Amarillo City Library
Home CityLibrary MenuNational Poetry Month
April is the perfect time to explore the power of words and language as Amarillo Public Library celebrates National Poetry Month with multiple opportunities to read poetry and create your own!
Words that Remain
Head over to the Northwest Branch throughout April to participate in this ongoing Blackout Poetry project. Blackout or Erasure Poetry is the art of marking out most of the words on a page to create an entirely new work of art and poetry. It’s also a great way to enhance critical thinking and develop wordplay skills. We’ll supply book pages and markers; you supply the creativity! Don't forget to share your creations on social media using #APLBlackout!
TEEN EVENT—Magnetic Poetics: Self-Made Stanzas
Magnetic poetry is another creative writing activity where poets creatively arrange individual words into poetry. In this program, participants can create their own magnetic poetry sets. We’ll provide magnets and printed words, but you can also use colored pens to create a set as unique as you are! That’s happening Tuesday, April 23 at 5:30 PM at the Downtown Library!
Poetry Reading with Tess Taylor
Bring Your Own Lunch and join us for a lunchtime poetry reading!

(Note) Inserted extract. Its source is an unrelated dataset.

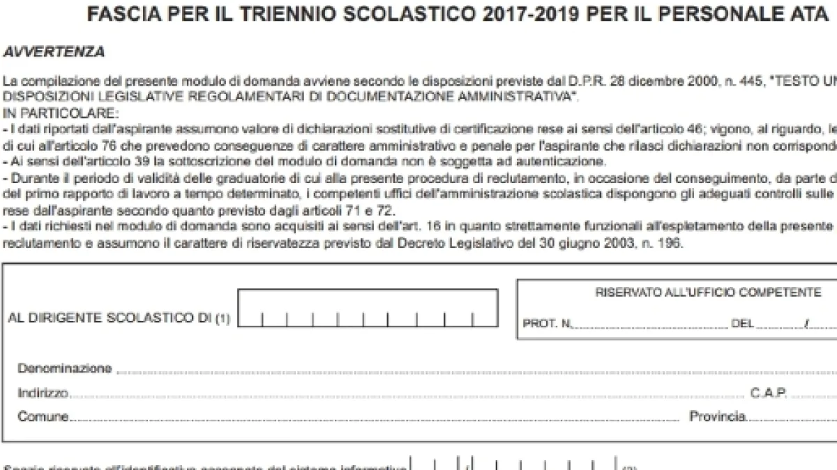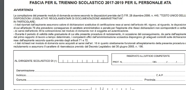 Come preannunciato da poche ore sono disponibili online i modelli per presentare la domanda di ammissione alle graduatorie di terza fascia del personale scolastico Ata. Nel dettaglio vorremmo fornirvi maggiori informazione su come compilare correttamente il modello D1, ovvero quello dedicato a chi per la prima volta si inserisce in tali graduatorie, per il conferimento di supplenze temporanee al personale amministrativo, tecnico e ausiliario.

Tess Taylor’s body of work deals with place, ecology, memory, and cultural reckoning. She has published five celebrated poetry collections including The Misremembered World, The Forage House, Last West: Roadsongs for Dorothea Lange, and Rift Zone, one of the Boston Globe’s best books of 2020. Her book “Work & Days” was one of the New York Times best poetry books of 2016, and her work as a cultural critic appears in in Harper’s Magazine, The Atlantic, The Kenyon Review, Poetry, Tin House, The Times Literary Supplement, CNN, and The New York Times. In fall of 2023 she published her first full length poetry anthology: Leaning Toward Light: Poems for Gardens and the Hands that Tend Them, a collection of contemporary gardening poems, for an era of climate crisis.